In Praise of Stubbornness

It is a very good thing to be stubborn. We should not too easily buy into the glib assurances of modernity that everything, everywhere is getting better and better. Vendors are really listening to law librarians and truly improving Westlaw, Lexis and other online services to our specifications. So I don't want to grump about them -- they are honestly working on making things better and trying hard to work with us to meet our complaints and expectations with real improvements, and to go beyond, surprising us with things we never even thought of. But I am getting more and more stubborn about this moving into an electronic library of the future thing. Mulish, even.

When people want to push stubborn mules along into the future, they often take to beating them up. I haven't found anybody beating me up (yet, not that I've heard anyway). But it is not out of the realm of possibility that the thought police are on my trail.

For many years, I really believed that online searching would be our future and that electronic would banish print eventually and that would be better in the long run. No more dusty books, no running to the library, no space issues, no shelving problems or looseleafing disasters! Wow, we could store whole libraries on little magnetic sticks or some other electronically readable medium. Cool. This is really a huge advantage for the visually impaired, to have so much material in full text, electronically readable, and very convenient for all of us.
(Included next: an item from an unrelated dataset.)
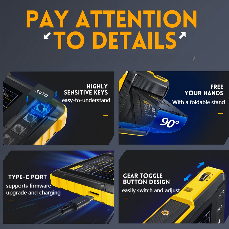 HD COLOR DISPLAY: The vibrant color screen delivers a crisp, clear view of your waveforms and measurements. This makes data easy to read and analyze, even in various lighting conditions.

But the longer I watched how this all played out, the more skeptical I have become. Watching my law students, listening to lawyers and judges and firm librarians, made me really question how well the students were really doing with their electronic searches. And then Barbara Bintliff's article, From Creativity to Computerese: Thinking like a Lawyer in the Computer Age, 88 Law Libr.J. 338, really crystallized my thinking. She points out that most searches online involve creating a query based on the facts of the matter. Most searches of a digest require the researcher to do some preliminary legal analysis and at least guess at a cause of action to go to the Index for the Digest. Our students (and computer-trained lawyers?)too often are finding the precedent based on facts and then relying on the legal analysis in that case to do the legal analysis in the case at hand.
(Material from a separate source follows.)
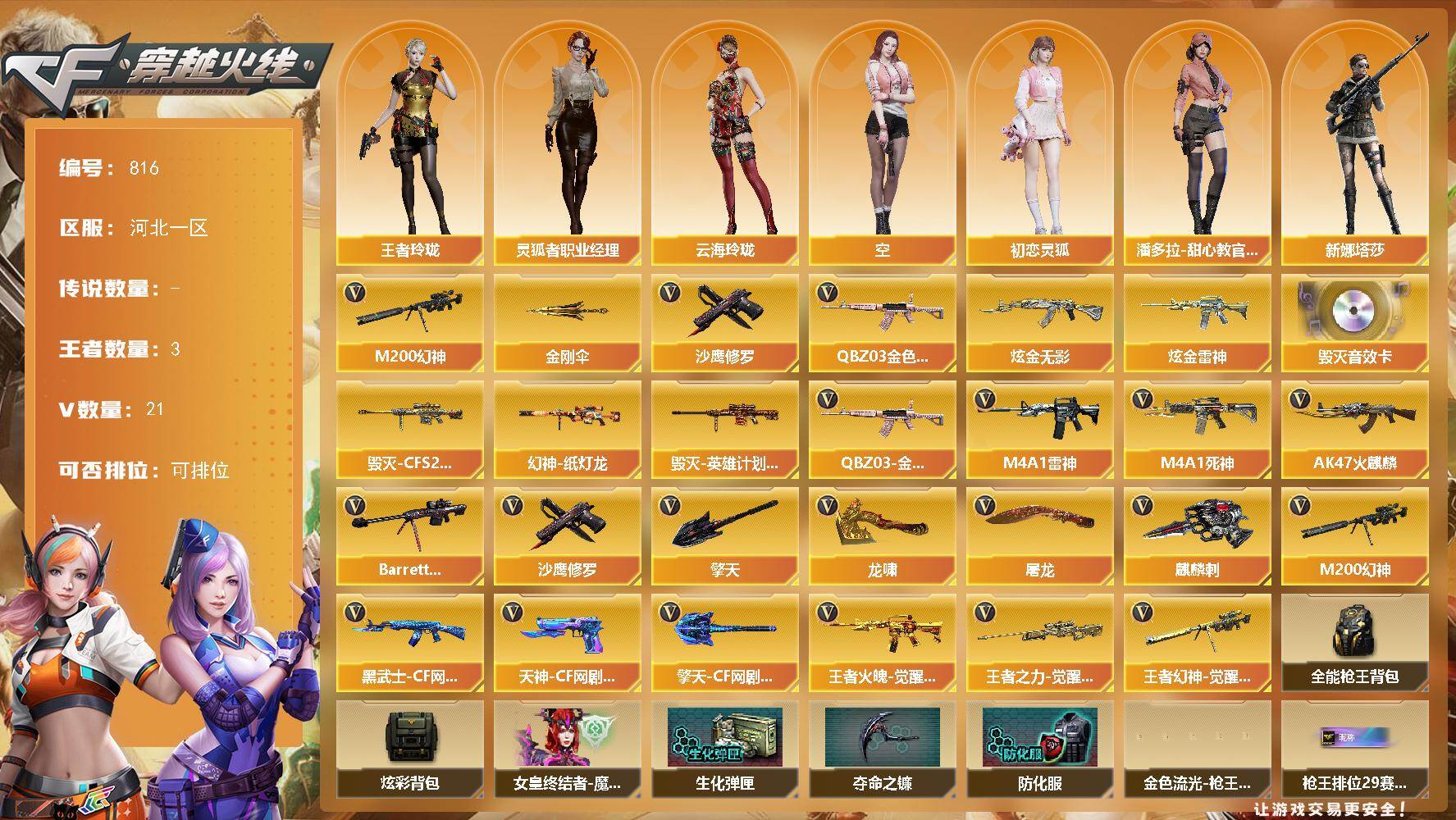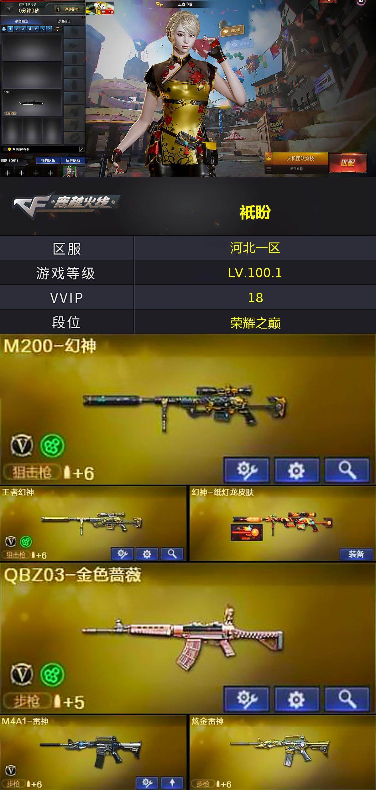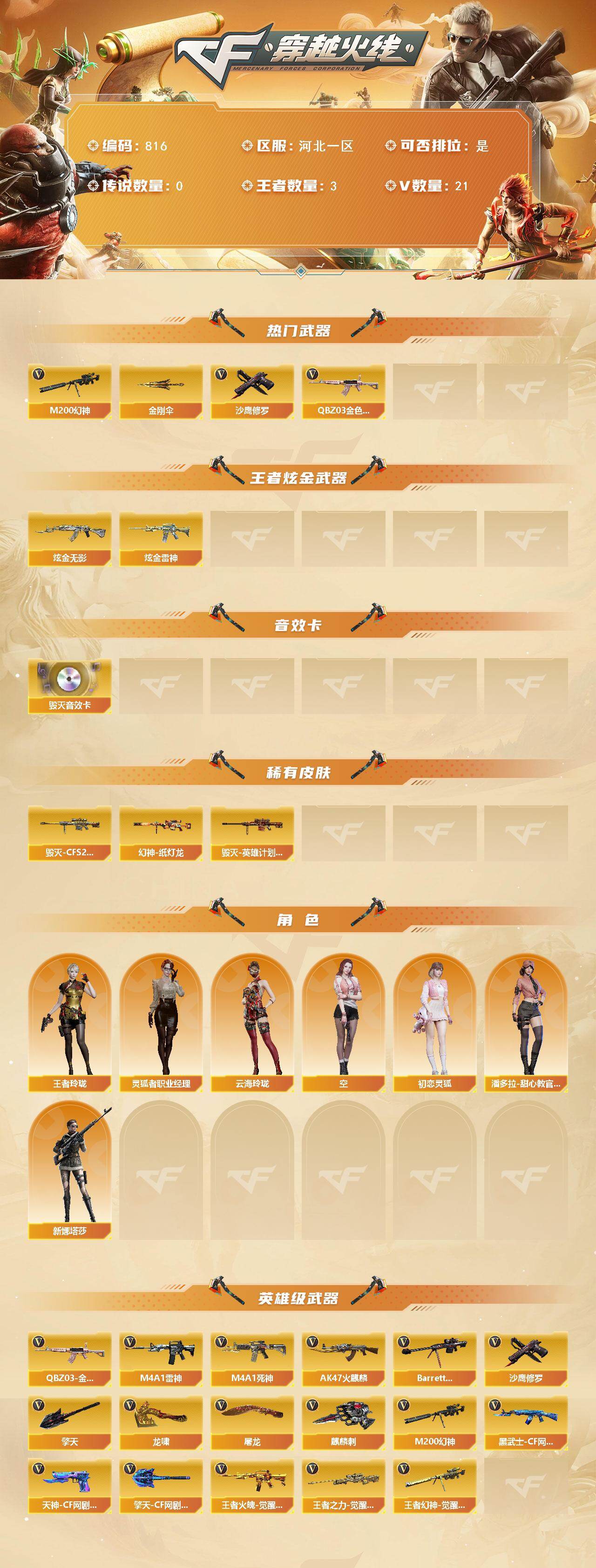 [15573184]河北一区-21V-3王者-2炫金 【热门武器】:QBZ03-金色蔷薇,M200-幻神,沙鹰-修罗,金刚伞 【王者炫金武器】:炫金无影,炫金雷神 【音效卡】:Barrett-毁灭音效卡 【皮肤】:幻神-纸灯龙皮肤,毁灭-CFS2020,毁灭-英雄计划 皮肤 【角色】:王者玲珑,云海玲珑,空,初恋灵狐,灵狐者-职业经理,潘多拉-甜心教官,新娜塔莎 【英雄级武器】:AK47-火麒麟,M4A1-雷神,M4A1-死神,QBZ03-金色蔷薇,王者火魄-觉醒版,黑武士-CF网剧冠军,Barrett-毁灭,M200-幻神,王者之力-觉醒版,王者幻神-觉醒版,沙鹰-修罗,天神-CF网剧冠军,屠龙*2,龙啸,擎天,麒麟刺,擎天-CF网剧冠军 【道具】:全能枪王背包,炫彩背包,哔哩哔哩名片,女皇终结者-魔龙之吻,生化弹匣,夺命之镰,防化服,金色流光-枪王排位*2,枪王排位29赛季金色流光,防弹头盔*2,防弹衣*3,C4工具钳*2,手雷包*2 【特殊枪械】:

I am not the only Jeremiah crying in the electronic wilderness: See Scott P. Stolley, The Corruption of Legal Research, 46 For the Defense 39 (2004) and Mark Hermann, This is What I'm Thinking: A Dialogue Between Partner and Associate...From the Partner, 25 Litigation 8 (1998). These are both written by practitioners. Stolley shares two examples of a new associate failing to complete a research assignment because she could not find the materials he requested online. In each case, he went to the books and found the cases himself in less than a half hour. The associate thought he was a wizard. Stolley now requires new associates to go to print resources first and finish with the computer. Hermann tells asociates to begin with print, but that their research is not finished until they check the computer. These long-time practitioners agree that using print resources help a lawyer develop a "feel" for the "shape" of the law. This is a very amorphous argument, but one I agree with. I have practiced law, and the best practitioners still "read the law." They browse the advance sheets when they come out, and keep up with developments in the field they practice in. I have known lawyers in the present day who maintain their own file card system to keep notes of cases in their field, a sort of personalized digest system of their own devising. When you do this for a while, you do have a feel for what the shape of the law is likely to be, doggone it, and where to look for it, too.